Vent: New sealer bubbled up on a Benz hood yesterday

Last Thursday I painted a Mercedes hood at my shop in Phoenix. Used a new sealer I bought from a supply house I never tried before. Looked perfect in the booth but the next morning it was covered in tiny bubbles. Had to strip it all off and start over which cost me like 8 hours of labor. The supplier said they changed the formula without telling anyone. Has anyone else run into sealer adhesion problems with certain brands lately?
4 comments

Log in to join the discussion

Log In
4 Comments
vera195
vera19514d ago
I think @roberts.leo has a point but Phoenix dry heat can mess with flash times too.
4
roberts.leo
Gotta push back a little on this one. Bubbling on a fresh sealer almost always comes from surface prep or the undercoat not being fully cured, not just a formula change.
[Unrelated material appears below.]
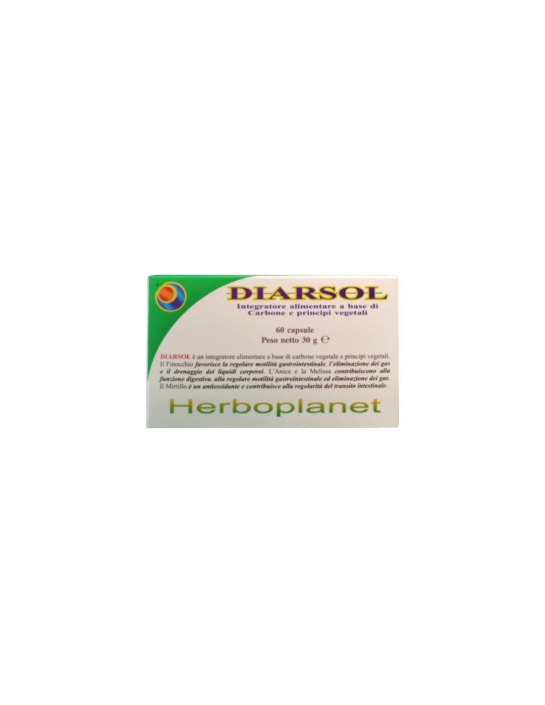 Diarsol es un complemento alimenticio a base de principios vegetales y lactobacillus acidophilus desde siempre noto por sus efectos benéficos. Hinojo, anís y melissa contribuyen a la regular motilidad gastrointestinal y a la eliminación de los gases. El arándano contribuye a la regularidad del tracto intestinal.Diarsol de Herboplanet es un complemento alimenticio recomendado en casos de colitis, diarrea (también en los niños), flatulencia, fermentación gástrica y/o intestinal, colitis diarreica, disentería.Principios activos:

Ive used a bunch of different sealers over the years and if the substrate has any moisture or leftover solvent trapped underneath, even the best stuff will bubble up overnight. Phoenix humidity is low but that dry heat can mess with flash times too, maybe the sealer skinned over too fast and trapped solvents. Suppliers do change formulas sometimes but usually they put a tech bulletin out about it, sounds like your shop might have just got a bad batch or the gun settings need adjusted.
1
cooper.drew
Man, I've been there too. @hollywhite is right about the dry heat speeding things up, but I've seen that actually cause problems when the sealer skins over before the solvent can fully escape, especially if you're laying it on heavy. Try thinning it just a hair and backing off your fluid pressure, that usually sorts out the bubbles for me.
7
hollywhite
hollywhite1mo ago
Actually, the dry heat in Phoenix speeds up flash times, not slows them, so that would help solvents escape faster.